Application of the Schwinger Oscillator Construct of Angular Momentum to an Interpretation of the Superconducting Transmon Qubit

The Jaynes-Cummings model has been applied to a superconducting transmon to describe a qubit defined by the two lowest-lying photon states, assuming these states are sufficiently isolated from higher-lying states. The Jaynes-Cummings model has proven invaluable to the understanding of superconducting charge-qubit dynamical behavior. However, the application of the Jaynes-Cummings model in this simplest form has drawbacks. For example, as mentioned, the two lowest-lying states must be in isolation from those above, which is not always strictly viable, complicating the definition of the qubit and introducing sources of error in measurement of its coherent state, as well as gate operations applied to it.

The Schwinger oscillator construct of angular momentum, applied to the superconducting transmon and its transmission-line readout, modeled as capacitively coupled quantum oscillators, provides a natural and robust description of a qubit. The construct defines quantum-entangled, two-photon states that form an angular-momentum-like basis, with symmetry corresponding to physical conservation of total photon number, with respect to the combined transmon and readout. This basis provides a convenient starting point from which to study error-inducing effects of transmon anharmonicity, surrounding-environment decoherence, and random stray fields on qubit state and gate operations. Employing a Lindblad master equation to model dissipation to the surrounding environment, and incorporating the effect of weak transmon anharmonicity, example embodiments disclosed herein demonstrate the utility of the construct. First, calculating the frequency response associated with exciting the ground state to a Rabi resonance with the lowest-lying spin-1/2 moment via a driving external voltage is shown. Second, calculating the frequency response between the three lowest two-photon states, within a ladder-type excitation scheme is shown. The generality of the Schwinger angular-momentum construct allows it to be applied to other superconducting charge qubits.
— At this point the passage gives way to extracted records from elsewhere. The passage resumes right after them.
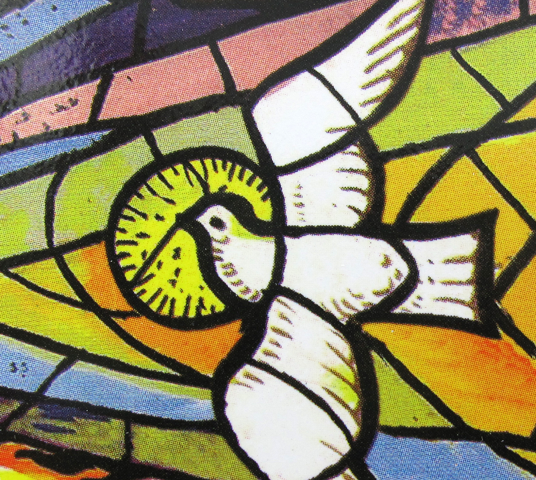 Immagine plastificata con raffigurata da un lato la discesa dello Spirito Santo e dall'altra parte la seguente Preghiera:
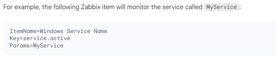 To do this, you can create a Zabbix item that monitors the service using the service.active item key. In the Params field, specify the name of the service that you want to monitor.
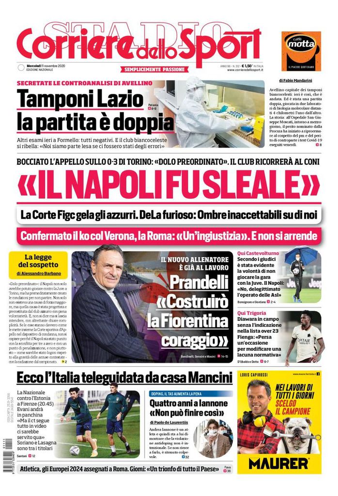 RASSEGNA STAMPA, Le prime pagine dei quotidiani sportivi di oggi Redazione 11 Novembre 2020 Ecco le prime pagine dei quotidiani sportivi di oggi:
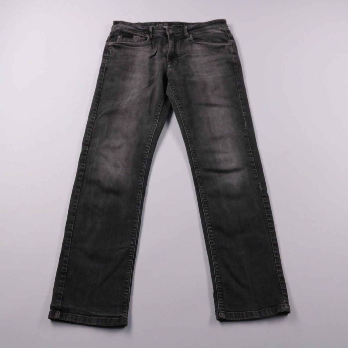 Мужские джинсы C&A из чёрного денима со стрейчем (W34/L32), комфортно садятся по фигуре и не сковывают движения. Подойдут для повседневной носки в городе и на работу, легко сочетаются с футболками и рубашками. Практичный плюс — эластичная ткань и универсальный тёмный цвет, который меньше маркируется.
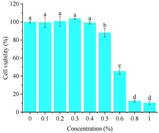 The cytotoxicity analysis of crude flavonoid extract from Moutai distillers grains was carried out based on the method proposed by Kumar and Singh (2025) [23] with some modifications. Briefly, HaCaT cells in the logarithmic growth phase and in good condition were inoculated into 96-well plates at a rate of 1 × 104 cells per well and cultured under 37 °C and 5% CO2 (Heracell Vios 160i CR, Thermo Fisher Scientific Inc., Shanghai, China) for 24 h. Then, the culture medium was aspirated, and the cell was rinsed with PBS buffer three times. DMEM containing 0 (control group), 0.1%, 0.2%, 0.3%, 0.4%, 0.5%, 0.6%, 0.7%, 0.8%, 0.9%, and 1% of crude flavonoid extract from Moutai distillers grains was added. After culturing for 24 h, the supernatant was discarded, and 100 μL of CCK-8 solution was added to each well. After incubation at 37 °C for 1 h, the absorbance was determined at a wavelength of 450 nm using an enzyme-linked immunosorbent assay reader (Agilent Synergy H1, Temecula, CA, USA). The cell viability was calculated as follows:

The Jaynes-Cummings model was originally conceived to study spontaneous emission and absorption of photons by atoms isolated in a cavity, with the intent to understand stimulated emission of microwaves via coherent amplification in masers. The model has since been adapted to a superconducting transmon, for example, to describe a qubit defined by the two lowest-lying (ground and excited) photon states, assuming these states are sufficiently isolated from higher-lying states. In this circuit quantum electrodynamics (CQED) model, the qubit (the simulated atom) is capacitively or inductively coupled to a transmission line (the resonator cavity), modeled as a linear quantum oscillator, and driven by an externally applied time-varying field (the interaction). The full quantum wave function of the open transmon-resonator system is estimable in terms of a basis of two-photon equilibrium states constructed from products of transmon and resonator equilibrium states. Usually a transformation of the time-dependent Hamiltonian via the interaction picture is made, from which a rotating-wave approximation of the driving term can be inferred, followed by a transformation of slow-rotation terms to a time-independent Hamiltonian, when possible. Regardless of the set of techniques employed in its solution, the Jaynes-Cummings model has proven invaluable to the understanding of superconducting charge-qubit dynamical behavior.

However, as mentioned previously, the application of the Jaynes-Cummings model in this simplest form has drawbacks. It is not always strictly viable to model the two lowest-lying states in isolation from those above, which requires multilevel extensions to the model. Also, the strength and relative positions of energy levels between qubit and resonator must be engineered to affect as little change on the qubit state during readout as possible, which is counter to the unavoidable intrinsic photon entanglement of the combined transmon and resonator. These issues complicate the definition of the qubit, introducing sources of error in measurement of its coherent state and gate operations applied to it. An alternative is to exploit the tandem design of transmon and resonator, by leveraging the Schwinger oscillator model of angular momentum to construct a more robust definition of the qubit, one rooted in the intrinsic entanglement of the photons, regardless of states excited during operation. This does not change the physics of the device. Instead, it offers a more complete perspective of state entanglement, within the combined transmon and resonator, which can aid device design with respect to quantum decoherence and sources of gate error.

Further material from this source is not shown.